Scientific classification
- Kingdom: Animalia
- Phylum: Chordata
- Class: Aves
- Order: Passeriformes
- Family: Meliphagidae
- Genus: Gymnomyza
- Species: G. viridis
- Binomial name: Gymnomyza viridis (Layard, 1875)

= Yellow-billed giant honeyeater =

- Genus: Gymnomyza
- Species: viridis
- Authority: (Layard, 1875)
- Conservation status: LC

Species of bird

The yellow-billed giant honeyeater (Gymnomyza viridis), also known as yellow-billed honeyeater, yodeling giant honeyeater, the chattering giant honeyeater, is a species of bird in the family Meliphagidae.
It is endemic to Fiji.

Its natural habitats are subtropical or tropical moist lowland forest, and subtropical or tropical moist montane forest.
It is threatened by habitat loss.

It occurs on the Vanua Levu and Taveuni islands. It was considered conspecific with the giant honeyeater, although they showed both phenotypic and behavioural differences.

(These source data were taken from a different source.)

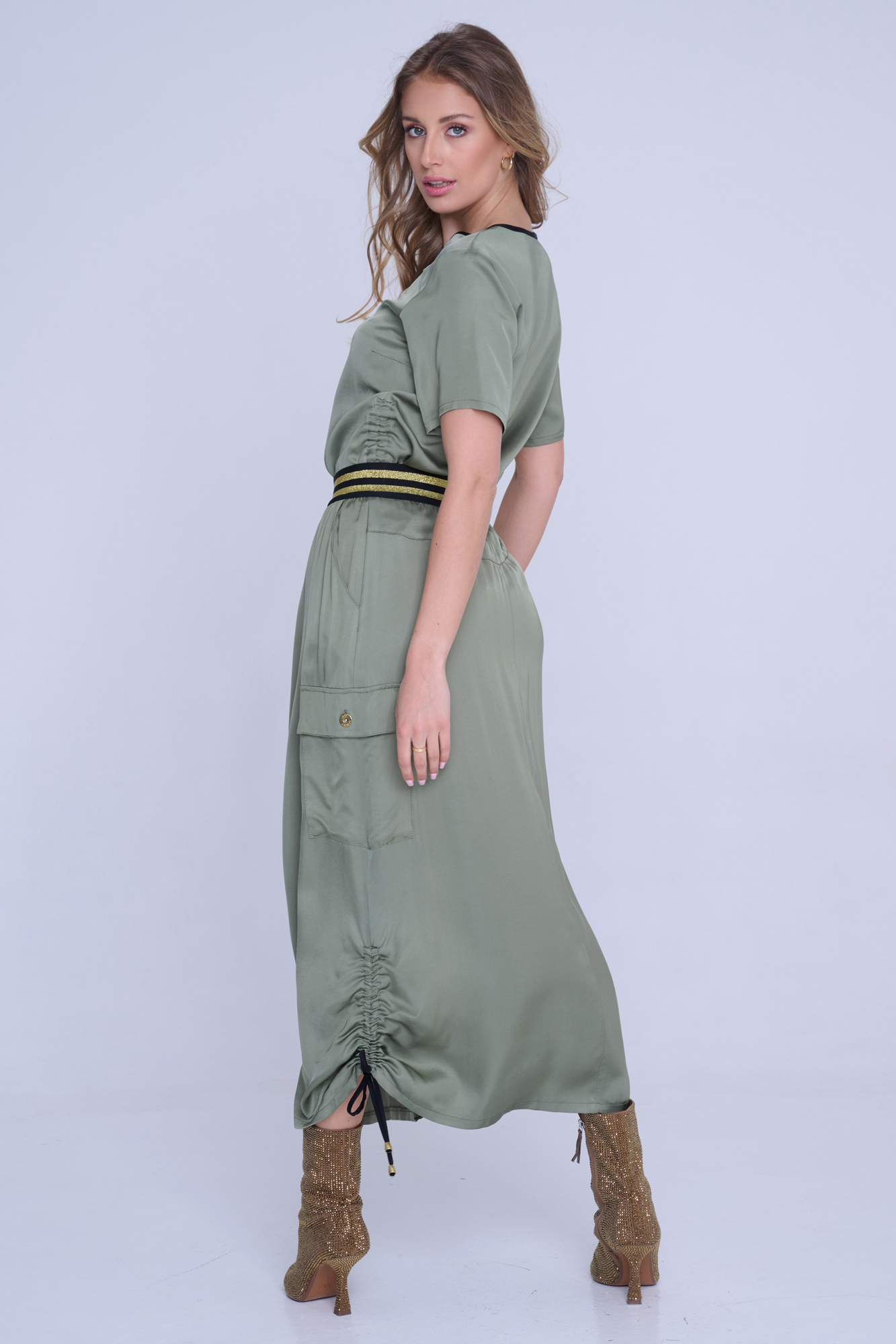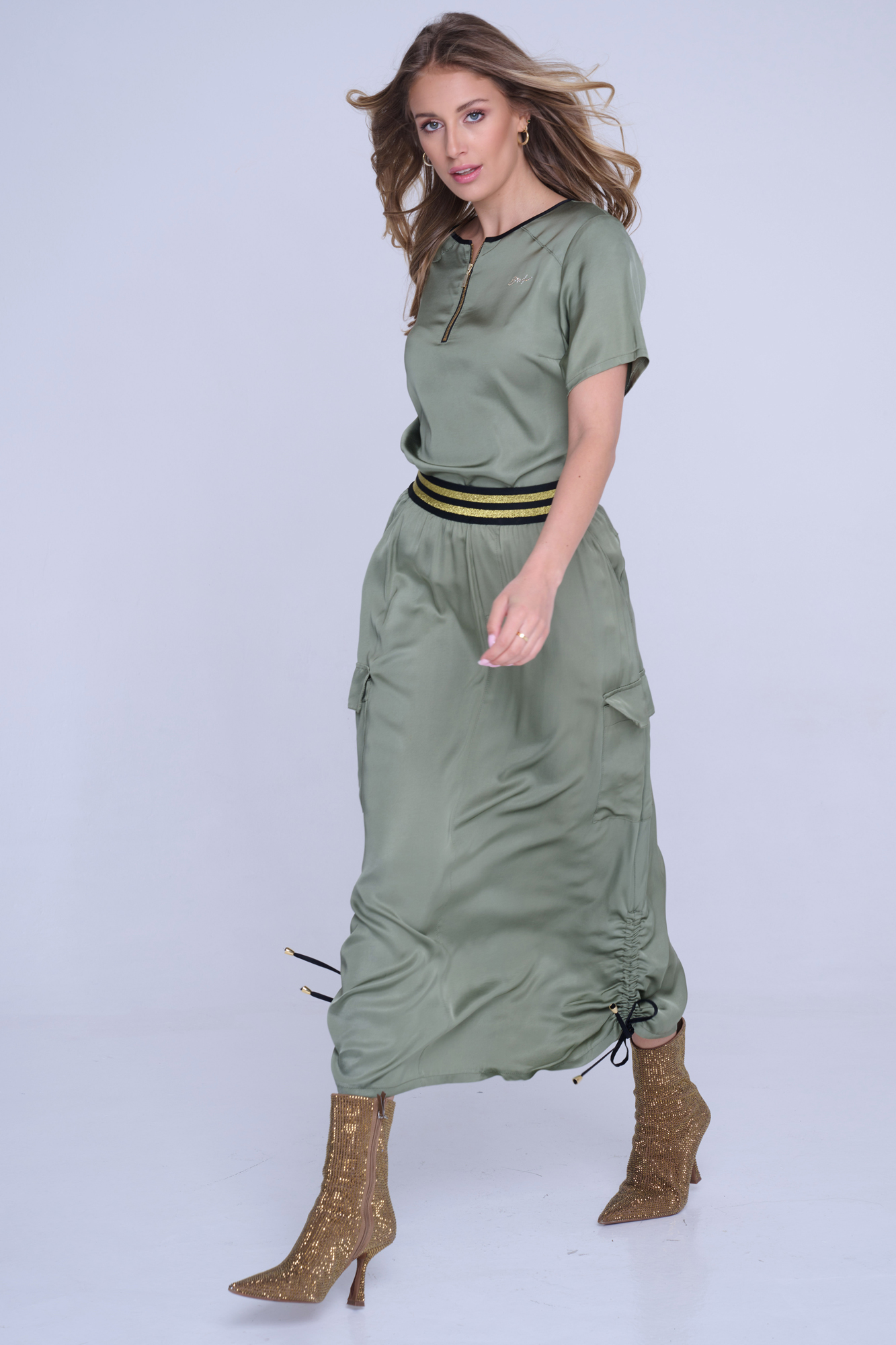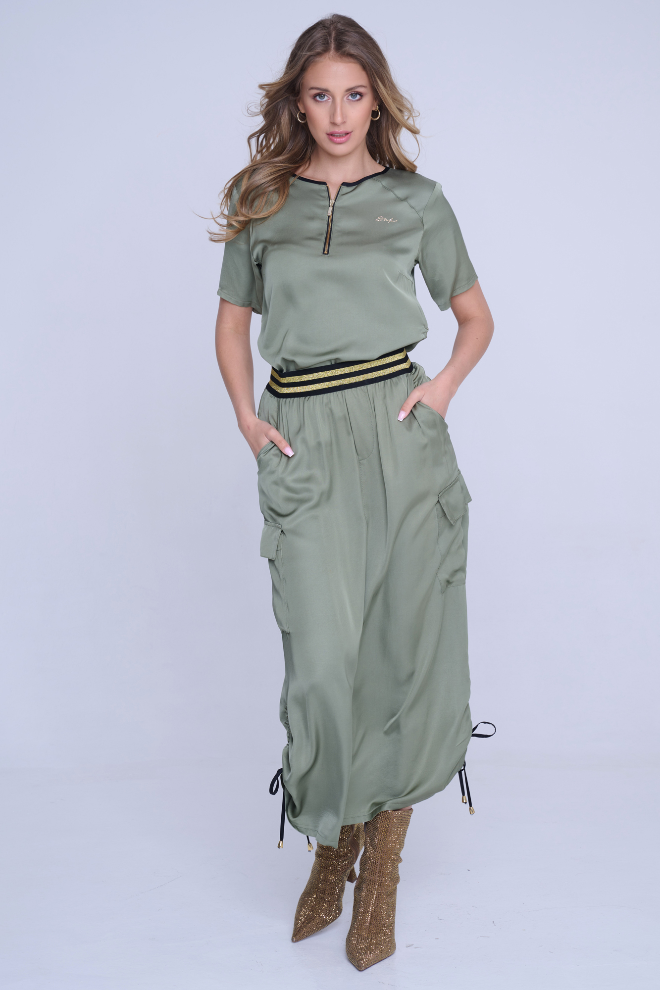 Sukně s cargo kapsou z velmi příjemného strečového přírodního materiálu. Detaily nabírání na stranách s nastavitelnými vázačkami.
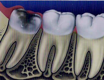 When the tooth has only partially broken through the surface, bacteria can enter through the opening or flap around the tooth and cause the gum to become infected. This uncomfortable condition is best avoided by having the wisdom teeth removed before infection can develop. - Decay
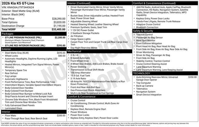 Price excludes tax, title, license, $23 Convenience Charge and $436 dealer administrative fee. 25/36 City/Highway MPG Price includes: $1000 - KFA Dealer Choice Program: $1000 discount and 5.25% APR for 36 months. $30.08 per $1000 financed. Available to well qualified buyers who finance through Kia Finance America. 506. Exp. 03/02/2026
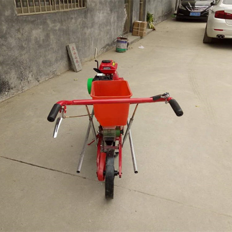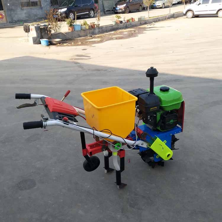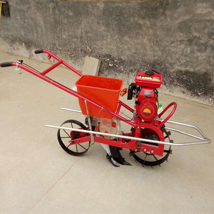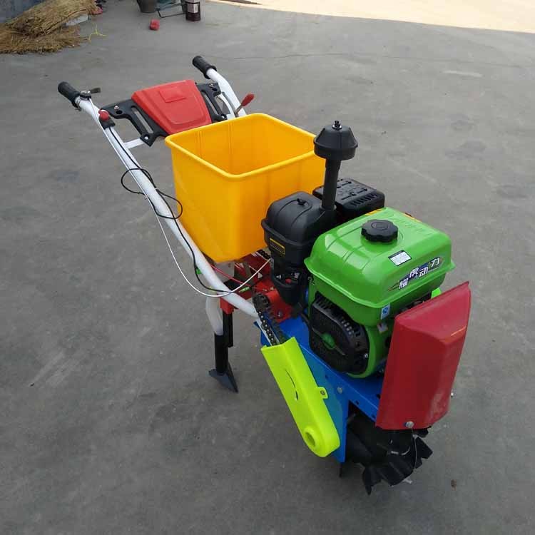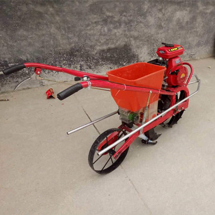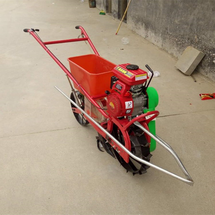 多功能汽油施肥播种器:可以点播芝ma、红豆、白菜籽、玉米、蚕豆等颗粒状种子。可以同时施肥、播种,下种量、下肥量、播种深度可以调节是旱田使用的小型机械。适用于所有旱田农作物垄间作业。是广大农民朋友实现农业机械化的**产品。 ?选配正规企业生产的变速箱,优质汽油机为配套动力。易启动,轻便耐用。整体板设计,一次成型,坚固耐用。加粗手把。人性化的优质手油门设计。新款增添了高低空档挂挡离合功能独特的主轮设计不溜沟,扬尘少,减少向变速箱漏土及缠草。
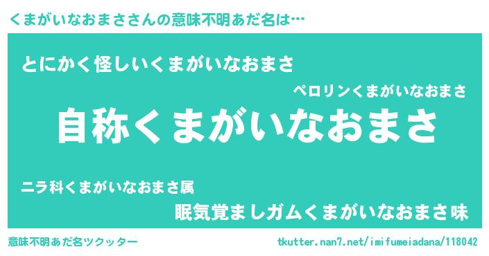 | ポケモン風あだ名 | 『クマセウス』『ヒクマガイナオマサ』 |
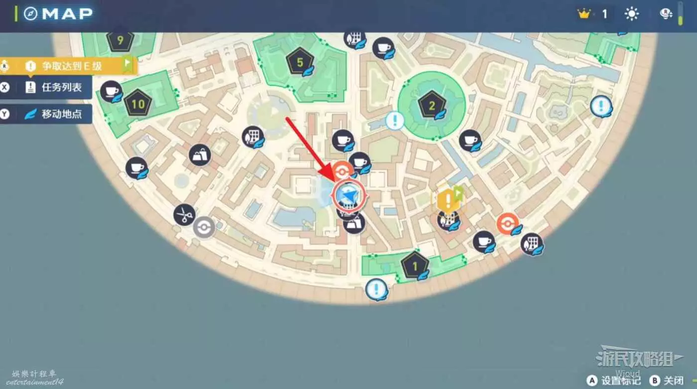 直接傳送到【英俊咖啡館】,坐全息傳送梯到標識所在的屋頂。
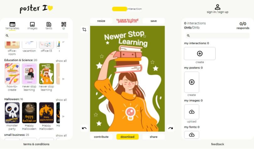 首頁線上工具影像繪圖 Poster I Love 提供海報設計模板及各類素材的線上海報產生器 Poster I Love 是一個海報製作網站,其提供像是運動、學校、二維碼海報、周末、節日、人物、流行、家庭、辦公室...等各種主題模板,並可快速加入文字、圖片及 QR Code 等相關素材,讓使用者只要經過簡單的調整與修改就可以製作出具水準以上的海報,且完成製作的海報無須註冊就可以選擇 PNG、SVG 或是 PDF 檔案格式下載,相當方便。 🔔 不錯過任何精彩! 立即訂閱我們的 LINE 官方帳號 每次發佈新文章時,您將會第一時間收到本站文章連結通知,輕鬆掌握最新資訊! 使用 LINE 追蹤文章更新 §相關文章,還可以參閱:跟著做就會!教你用 ChatGPT 製作具職業形象的漫畫風頭像Put!所見即所得的 AI 提示詞圖庫:讓你看著範例圖,複製就能做出同級作品Google 親自示範:Nano Banana AI 圖像編輯工具的 13 個熱門玩法照片角度不滿意?AI 幫你調整!3D Camera Control 讓舊照片任意變換視角Meta AI 免費帳戶也能用 Midjourney!無限生成 AI 圖片,台灣可用 如何使用 Poster I Love 線上海報製作免費工具? 1.使用瀏覽器進入 Poster I Love 網站,在左側欄位 Templates 頁籤就可以看到分類詳盡的各類海報模版縮圖,點擊[ Show All ]可以預覽該分類的所有模板。 2.選好模板後,可利用 images、texts 及 qr 頁籤內所提供的各類素材。 3.經過簡單的位置、大小調整及加入或刪除素材,完成後,可以利用圖片下方的[ download ]按鈕來選擇檔案格式並下載。 ※Poster I Love 網站並無強制要註冊帳號才能製作或下載,但最終若是要回去修改之前所設計的海報,沒有帳號就須重頭再做一次。 Poster I Love網站網址:https://posterilove.com/

A molecular phylogenetic study published in 2014 found that they also differed significantly in their mitochondrial DNA sequences and suggested that G. v. brunneirostris should be promoted to the species level. The International Ornithologists' Union accepted these proposals and introduced the name "yellow-billed giant honeyeater" for G. viridis and "duetting giant honeyeater" for G. brunneirostris.